On Oct. 21, 1990, Agnes and her
sister, Benedictine Sister Alice Imdieke, were talking with their mother, whose
health was failing at the time. They asked her if there was anything she would
wish or hoped for. She told them she hoped that Jacob would be found and
returned to his family.
Fredericka died the next day —
on the first anniversary of Jacob’s abduction.
“Mom always prayed for him,”
Agnes told The Visitor, newspaper of the Diocese of St. Cloud, Minnesota.
Like so many others, Fredericka
had been deeply affected by Jacob’s disappearance and had been following the
news coverage in the months that followed.
“It was one of the last things
she said. I think that really hit us,” Sister Alice said. “I think we have kept
this up because that was (our) mother’s wish.”
The dedication of Agnes and
others who have been praying for Jacob is a powerful witness of how faith can
unite others, Sister Alice said.
Benedictine Sister Karen Rose,
director of mission advancement for St. Benedict’s Monastery in St. Joseph,
said in an email to The Visitor that the sisters are “holding the Wetterling
family in prayer,” and “calling on social media followers to pray with us.”
“So far, we’ve reached about
4,000 people on Facebook alone,” she said Sept. 3. “We’ve had a beautiful
response, with many commenting and sharing. I hope it is some comfort to the
family to know that so many people, in so many places, are reaching out to them
through prayer.”
Like many in the community,
Sister Alice is feeling mixed emotions. In the back of her mind, she remained
hopeful that Jacob would make it home alive.

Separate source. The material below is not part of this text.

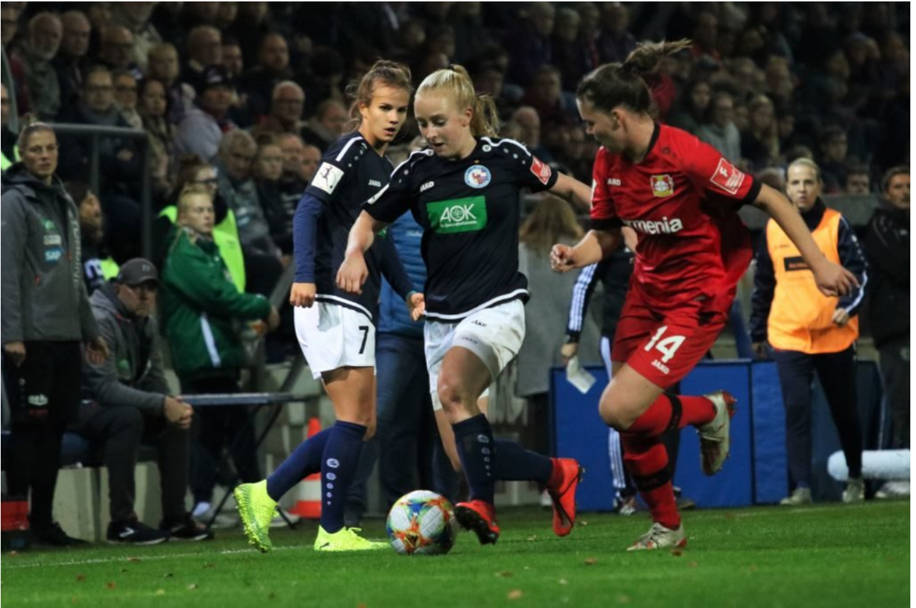
• Zweikampfsiegerin mit Garantie
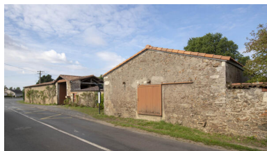
Vue générale depuis la route de la Haye-Fouassière

“It’s a sad thing,” Sister Alice
said. “But now the whole family knows where he is and they can … hopefully
find peace.”
In a Sept. 5 statement from
Patty Wetterling via the Jacob Wetterling Resource Center’s Facebook page, she
created a list of things people can do that she said will “bring her comfort
today.” The list includes:
— Say a prayer.
— Light a candle.
— Be with friends.
— Play with your children.
— Giggle.
— Hold hands.
— Eat ice cream.
— Create joy.
— Help your neighbor.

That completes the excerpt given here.